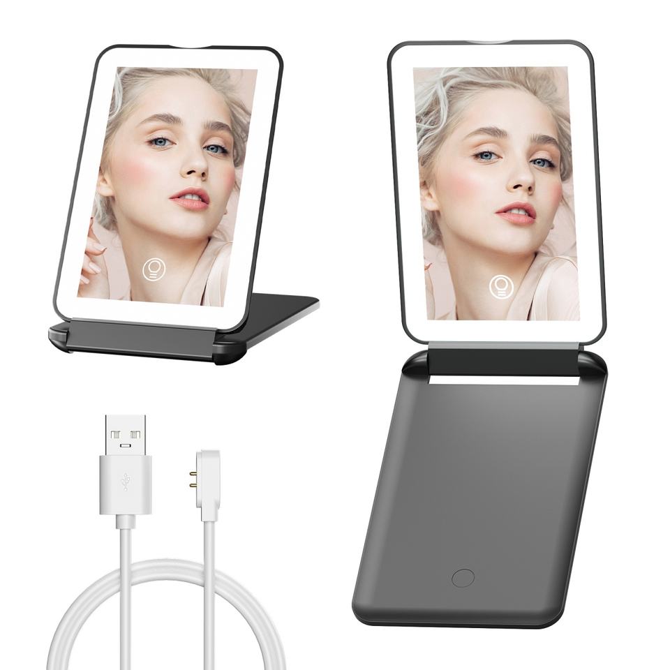 Espejo de Mano Portátil con Logotipo Personalizado, Espejo de Maquillaje Cosmético Plegable con Luz LED y Tu Logotipo
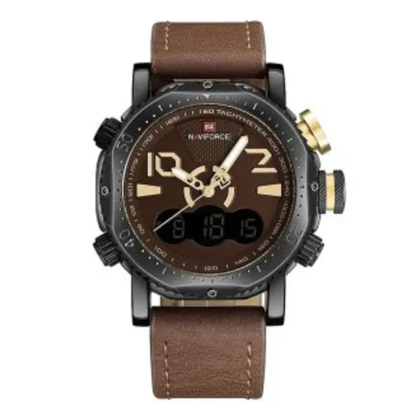NAVIFORCE 9094 Fashion Quartz Digital Dual Display Sports Men’s Watch is a stylish watch made for men who like both fashion and function together. This watch gives you quartz movement for accurate time and also a digital display, so you get two options in one watch. The design looks sporty but also elegant, so you can wear it in the office, at a party or even while traveling outside. Case is solid and strong, made from durable material that can handle daily use. The strap fits well on the wrist and feels comfortable even if worn for a long time. It shows both analog and digital time, so it is very easy to read in any place. The watch also has a calendar and useful functions like an alarm and a stopwatch, which make it a good choice for active people. NAVIFORCE is always known for giving quality watches at a good price, and this one is no different. It looks premium but is still affordable for customer in BD. The water resistance give extra safety, so no worry for small splash or rain. This model is popular among young people because of the modern style mixed with a strong sporty look. If you want something that looks good and also gives practical features, NAVIFORCE 9094 is right option.
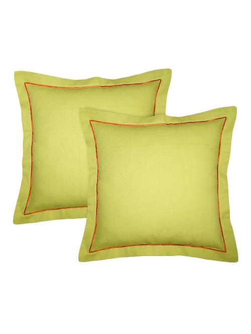 - » lushomes cotton half panama palm cushion covers with red wood satin stitch (pack of 2)
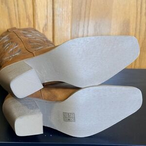 New in box ISNOM women's brown leather western cowboy boots. These knee-high boots feature intricate tonal stitching in a classic floral and scroll pattern. Designed with a square toe and a comfortable block heel, they offer a stylish silhouette. Perfect for adding a touch of Western flair to your everyday outfits or for special occasions like country concerts or weekend getaways.

◆ To do
Reproduce the material exactly; omit the pictures.

◆ Solution for this problem
 Espejo de Mano Portátil con Logotipo Personalizado, Espejo de Maquillaje Cosmético Plegable con Luz LED y Tu Logotipo
NAVIFORCE 9094 Fashion Quartz Digital Dual Display Sports Men’s Watch is a stylish watch made for men who like both fashion and function together. This watch gives you quartz movement for accurate time and also a digital display, so you get two options in one watch. The design looks sporty but also elegant, so you can wear it in the office, at a party or even while traveling outside. Case is solid and strong, made from durable material that can handle daily use. The strap fits well on the wrist and feels comfortable even if worn for a long time. It shows both analog and digital time, so it is very easy to read in any place. The watch also has a calendar and useful functions like an alarm and a stopwatch, which make it a good choice for active people. NAVIFORCE is always known for giving quality watches at a good price, and this one is no different. It looks premium but is still affordable for customer in BD. The water resistance give extra safety, so no worry for small splash or rain. This model is popular among young people because of the modern style mixed with a strong sporty look. If you want something that looks good and also gives practical features, NAVIFORCE 9094 is right option.
 - » lushomes cotton half panama palm cushion covers with red wood satin stitch (pack of 2)
 New in box ISNOM women's brown leather western cowboy boots. These knee-high boots feature intricate tonal stitching in a classic floral and scroll pattern. Designed with a square toe and a comfortable block heel, they offer a stylish silhouette. Perfect for adding a touch of Western flair to your everyday outfits or for special occasions like country concerts or weekend getaways.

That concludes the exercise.